**EXERCISE DETAILS:** Below are records; count how many of their lines contain the word "from" and give the number alone.

Data records:

* * *

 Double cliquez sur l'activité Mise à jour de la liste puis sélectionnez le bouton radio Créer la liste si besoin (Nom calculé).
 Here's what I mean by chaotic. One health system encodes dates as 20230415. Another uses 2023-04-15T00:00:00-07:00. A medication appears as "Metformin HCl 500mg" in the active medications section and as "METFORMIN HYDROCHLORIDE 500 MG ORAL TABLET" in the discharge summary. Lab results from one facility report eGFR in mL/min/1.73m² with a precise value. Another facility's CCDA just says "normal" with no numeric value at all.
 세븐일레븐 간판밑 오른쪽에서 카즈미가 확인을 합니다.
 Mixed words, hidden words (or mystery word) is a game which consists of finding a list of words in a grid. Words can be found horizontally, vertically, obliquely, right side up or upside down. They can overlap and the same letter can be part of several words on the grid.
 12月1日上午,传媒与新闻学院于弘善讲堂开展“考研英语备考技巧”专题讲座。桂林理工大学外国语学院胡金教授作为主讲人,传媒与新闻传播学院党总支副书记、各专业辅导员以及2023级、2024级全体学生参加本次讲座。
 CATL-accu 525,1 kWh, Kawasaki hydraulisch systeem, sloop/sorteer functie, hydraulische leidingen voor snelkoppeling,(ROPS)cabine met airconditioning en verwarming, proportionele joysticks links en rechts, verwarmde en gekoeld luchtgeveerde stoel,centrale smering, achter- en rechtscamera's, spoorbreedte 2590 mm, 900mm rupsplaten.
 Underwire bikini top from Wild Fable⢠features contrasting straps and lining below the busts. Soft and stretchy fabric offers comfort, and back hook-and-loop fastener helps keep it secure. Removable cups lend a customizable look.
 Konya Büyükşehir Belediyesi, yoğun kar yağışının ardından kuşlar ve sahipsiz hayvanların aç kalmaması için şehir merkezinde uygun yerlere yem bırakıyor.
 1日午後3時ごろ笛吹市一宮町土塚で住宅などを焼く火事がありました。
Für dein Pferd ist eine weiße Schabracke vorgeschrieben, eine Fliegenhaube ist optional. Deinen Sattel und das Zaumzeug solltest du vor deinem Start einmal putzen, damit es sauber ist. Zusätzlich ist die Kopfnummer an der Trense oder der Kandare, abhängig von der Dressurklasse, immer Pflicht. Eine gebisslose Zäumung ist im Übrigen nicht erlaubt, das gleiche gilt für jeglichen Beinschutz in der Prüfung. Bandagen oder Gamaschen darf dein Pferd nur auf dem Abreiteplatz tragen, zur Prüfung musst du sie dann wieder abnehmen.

* * *

**WRITTEN SOLUTION:** 2